Xie Yinghua, Lou Danfei, Zhang Daimin
Department of Geriatrics, Fuzhou NO.1 Hospital Affiliated with Fujian Medical University, Fuzhou, Fujian, 350009, People's Republic of China.
Department of Geriatrics, Shanghai Municipal Hospital of Traditional Chinese Medicine, Shanghai University of Traditional Chinese Medicine, Shanghai, 200071, People's Republic of China.
J Inflamm Res. 2021 Dec 11;14:6799-6812. doi: 10.2147/JIR.S329020. eCollection 2021.
Atherosclerosis is an aging-related disease, partly attributed to telomerase dysfunction. This study aims to investigate whether telomere dysfunction-related vascular aging is involved in the protection mechanism of melatonin (MLT) in atherosclerosis.

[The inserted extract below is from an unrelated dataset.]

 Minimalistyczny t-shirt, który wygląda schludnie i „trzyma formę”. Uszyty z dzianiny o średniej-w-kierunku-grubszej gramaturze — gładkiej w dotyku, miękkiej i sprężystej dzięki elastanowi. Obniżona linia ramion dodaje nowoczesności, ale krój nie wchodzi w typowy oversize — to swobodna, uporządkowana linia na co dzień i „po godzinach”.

Young and aged ApoE mice were used to establish atherosclerotic mice model. H&E staining and immunofluorescence assay were performed to detect endothelial cell injury and apoptosis. Inflammatory cytokines and oxidative stress-related factors were determined using corresponding commercial assay kits. Telomerase activity was detected by TRAP assay, and SA-β-gal staining was conducted to evaluate cellular senescence. HUVECs were treated with HO for 1 h to induce senescence. Western blot was performed to measure protein expression.

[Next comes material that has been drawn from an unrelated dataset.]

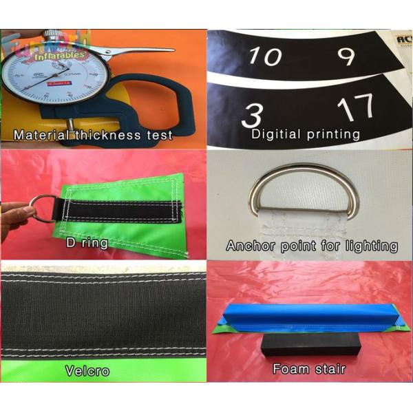We always use the best of 0.55mm pvc tarpaulin(18OZ) ,all of our PVC tarpaulin which is Fire Retardant, and water proof. All the entrance of Funworld Inflatable toys is safe,with reinforce strip at all sides,The outlet with double zipper is use for faster deflating and the velcro is use for protecting the zipper.Each toy has two pipes for inflating. The steps for All Funworld inflatable slide has double reinforced and with strong handles at two sides, children and adults are safe when climbing slide, the slide sheet is easy for sliding down.
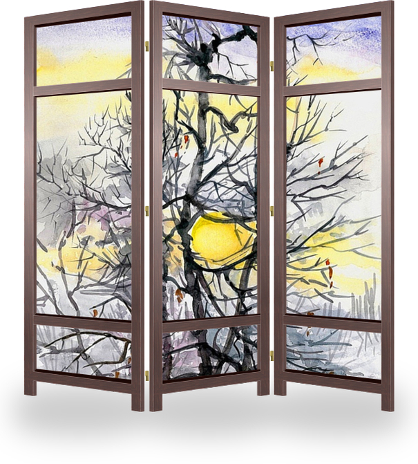Описание ширмы Холодное зимнее солнце

An obvious vascular endothelial injury, reflected by excessive production of inflammatory cytokines, elevated ROS, MDA and SOD levels, and more apoptotic endothelial cells, was found in atherosclerotic mice, especially in aged mice, which were then greatly suppressed by MLT. In addition, telomere dysfunction and senescence occurred in atherosclerosis, especially in aged mice, while MLT significantly alleviated the conditions. CYP1A1, one of the targeted genes of MLT, was verified to be upregulated in atherosclerotic mice but downregulated by MLT. Furthermore, HO induced a senescence model in HUVECs, which was accompanied with a remarkably increased cell viability loss and apoptosis rate, and a downregulated telomerase activity of HUVECs, and this phenomenon was strengthened by RHPS4, an inhibitor of telomerase activity. However, MLT could partly abolish these changes in HO- and RHPS4-treated HUVECs, demonstrating that MLT alleviated vascular endothelial injury by regulating senescence and telomerase activity.
Collectively, this study provided evidence for the protective role of MLT in atherosclerosis through regulating telomere dysfunction-related vascular aging.
动脉粥样硬化是一种与衰老相关的疾病,部分归因于端粒酶功能障碍。本研究旨在探讨端粒功能障碍相关的血管衰老是否参与褪黑素(MLT)对动脉粥样硬化的保护机制。
使用年轻和老年载脂蛋白E小鼠建立动脉粥样硬化小鼠模型。进行苏木精-伊红(H&E)染色和免疫荧光分析以检测内皮细胞损伤和凋亡。使用相应的商业检测试剂盒测定炎性细胞因子和氧化应激相关因子。通过端粒重复序列扩增法(TRAP)检测端粒酶活性,并进行衰老相关β-半乳糖苷酶(SA-β-gal)染色以评估细胞衰老。用羟基脲(HO)处理人脐静脉内皮细胞(HUVECs)1小时以诱导衰老。进行蛋白质印迹法检测蛋白质表达。
在动脉粥样硬化小鼠中,尤其是老年小鼠中,发现明显的血管内皮损伤,表现为炎性细胞因子过度产生、活性氧(ROS)、丙二醛(MDA)和超氧化物歧化酶(SOD)水平升高以及更多的凋亡内皮细胞,而MLT可显著抑制这些损伤。此外,动脉粥样硬化中出现端粒功能障碍和衰老,尤其是在老年小鼠中,而MLT可显著改善这些情况。MLT的靶基因之一细胞色素P450 1A1(CYP1A1)在动脉粥样硬化小鼠中被证实上调,但被MLT下调。此外,HO诱导HUVECs衰老模型,伴随着细胞活力丧失和凋亡率显著增加以及HUVECs端粒酶活性下调,而端粒酶活性抑制剂RHPS4可增强这种现象。然而,MLT可部分消除HO和RHPS4处理的HUVECs中的这些变化,表明MLT通过调节衰老和端粒酶活性减轻血管内皮损伤。
总体而言,本研究为MLT通过调节端粒功能障碍相关的血管衰老在动脉粥样硬化中的保护作用提供了证据。